A top-level example:

{-# LANGUAGE MultiParamTypeClasses #-}
{-# LANGUAGE FlexibleInstances #-}
module Bug2 where

x = 5

class C a b where
  method :: a -> b -> ()
instance C Int b where
  method _ _ = ()

x2 :: (Int, ((), ()))
x2 = (x + 1, (g True, g 'x'))  -- remove references to 'g' to allow module to be accepted

g = \y -> method x y

x3 :: ((), ())
x3 = (g True, g 'x')

This is rejected. Note that x2 depends on g, and thus g is type-checked first -- critically, before we know that x :: Int. So the MR kicks in and prevents generalisation. However if we change to x2 = (x + 1, ((), ())), then the module is accepted: x2 gets seen first, we learn that x :: Int, and then there is no constraint to prevent generalisation in g. The two different uses in x3 are accepted.

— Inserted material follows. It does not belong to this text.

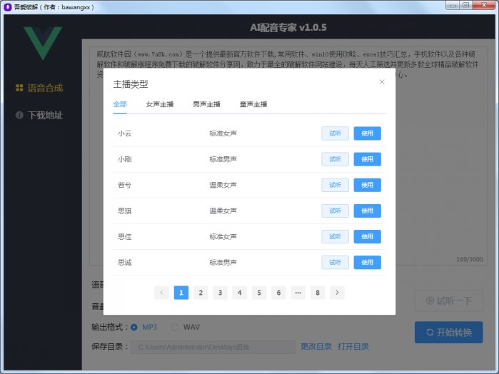 AI配音专家是一款完全免费开源且相当实用的文字转语音真人发声工具,就是大家经常用到的能把文字读出来的软件,采用阿里语音合成引擎,内含男生主播、女生主播以及童声主播三种主播类型共计45个主播,文字转语音效果那是非常的理想,语言种类也一应俱全,AI配音专家还支持背景音乐播放,便于在文字转语音的过程中加入合适的背景音乐,做出来的音频会更加的完美,倘若大家需要一款靠谱且支持真人发音的文字转语音软件的话,繁星软件园建议大家试试AI配音专家吧。(百度云盘分享密码:7a8k)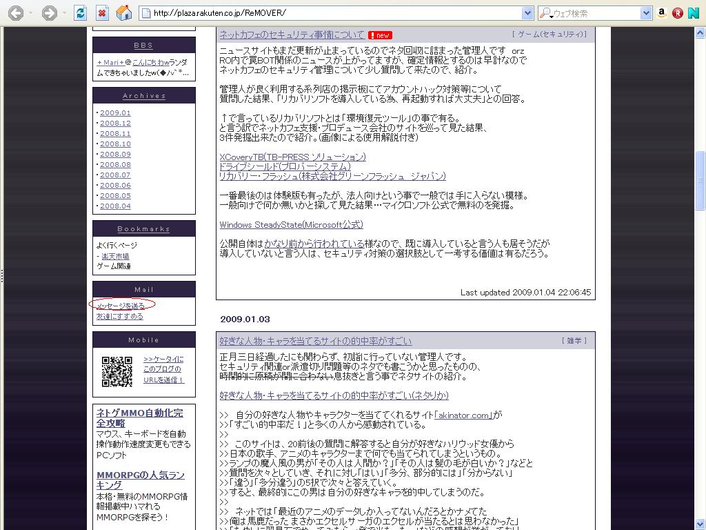 ニュースサイトもまだ更新が止まっているのでネタ回収に詰まった管理人です orzRO内で罠BOT関係のニュースが上がってますが、確定情報とするのは早計なのでネットカフェのセキュリティ管理について少し質問して来たので、紹介。管理人が良く利用する系列店の掲示板にてアカウントハック対策等について質問した結果、「リカバリソフトを導入している為、再起動すれば大丈夫」との回答。↑で言っているリカバリソフトとは「環境復元ツール」の事で有る。と言う訳でネットカフェ支援・プロデュース会社のサイトを巡って見た結果、3件発掘出来たので紹介。(画像による使用解説付き)XCoveryTB(TB-PRESS ソリューション)ドライブシールド(プロパーシステム)リカバリー・フラッシュ(株式会社グリーンフラッシュ ジャパン)一番最後のは体験版も有ったが、法人向けという事で一般では手に入らない模様。一般向けで何か無いかと探して見た結果…マイクロソフト公式で無料のを発掘。Windows SteadyState(Microsoft公式)公開自体はかなり前から行われている様なので、既に導入していると言う人も居そうだが導入していないと言う人は、セキュリティ対策の選択肢として一考する価値は有るだろう。

I don't think this will be easy to fix: we would somehow need to delay the computation of whether or not to generalise, and that seems Very Hard. Maybe this just gets filed in the user manual under FlexibleInstances and how flexibility can sometimes cause trouble? Not sure. Note that "let should not be generalised" is not enough here, because the problem can manifest at top-level.

This is based on a conversation with @simonpj this morning; credit to him for outlining the problem.